Correct...... there is no shift dog!
The part that raises and lowers the sliding sleeve is a “shift shoe”.
The shift shoe is operated by the eccentric piston.
By the way, your eccentric piston seal should be replaced.
NOTE; this seal is directional!

From what I see in the first video, you have the special coated steel sliding sleeve. These cannot be lapped!

Bad news is, this sleeve is part of a gear set!$$$$$

I would take the transmission completely apart, remove the sliding sleeve and inspect the tiny little grooves and inspect the gear cups!

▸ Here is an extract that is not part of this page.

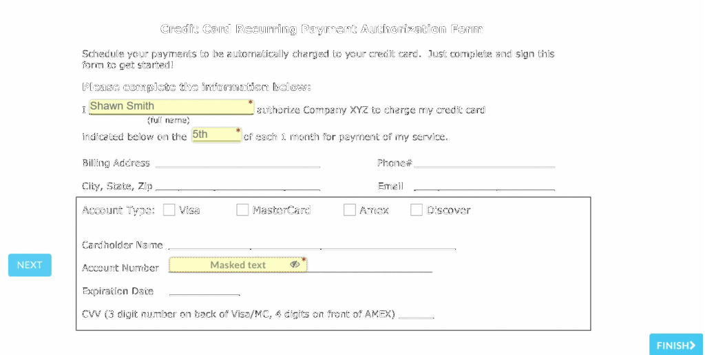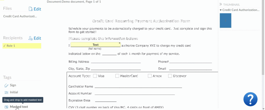 Sending out a document with a secure masked field works the same way as any other document. On the recipient side, a recipient can enter in the requested information into the tag area. Once the recipient clicks away from the tag, any content entered into it will be hidden with the tag’s name, followed by asterisks. At any point in time before finalizing the document, the recipient can click the tag, review the information that was entered, and edit as needed.

Try using a synthetic gear oil this time.


.
 
Rick,
So short of either getting a replacement transmission or rebuilding this one am I pretty much toast? If I get a replacement transmission is there one that I need to look for over another? By this I meanis the 1.95 gear ratio determined by the transmission or the intermediate, lower unit. Do you think that by replacing the seals and getting the water intrusion problem rectified I will be ok to use the drive after new oil?
 
With exception to the Diesel engine “E” drive, all transmissions are of the same reduction. The overall or final reduction “differences” (I.E., 2.30:1, 1.95:1 or 1.78:1) occur within the lower gear set.
In other words, the final drive reduction is a combination of the transmission reduction and the lower gear unit reduction!!!

For a Diesel engine (more torque), if a final drive reduction of 2.30:1 was needed, the E transmission could be used with the DP 1.95:1 gear set, giving you a final reduction of 2.30:1.
(the 2.30:1 gear set is not stout!)

point being....... if your transmission is an E, you will want to replace it with an E!

I would still pull apart and inspect the sleeve’s oiling grooves.
Using a fine pointed instrument, pick any metallic debris out of the groves.
 
Last edited:
Rick,
Am I correct in my thinking that I can pull the transmission without the entire drive? What needs to be removed besides the u joint bellows?
 
Yes...... we always remove the transmission by itself and/or first.
It is always reinstalled by itself and last!

Please get yourself an OEM workshop manual!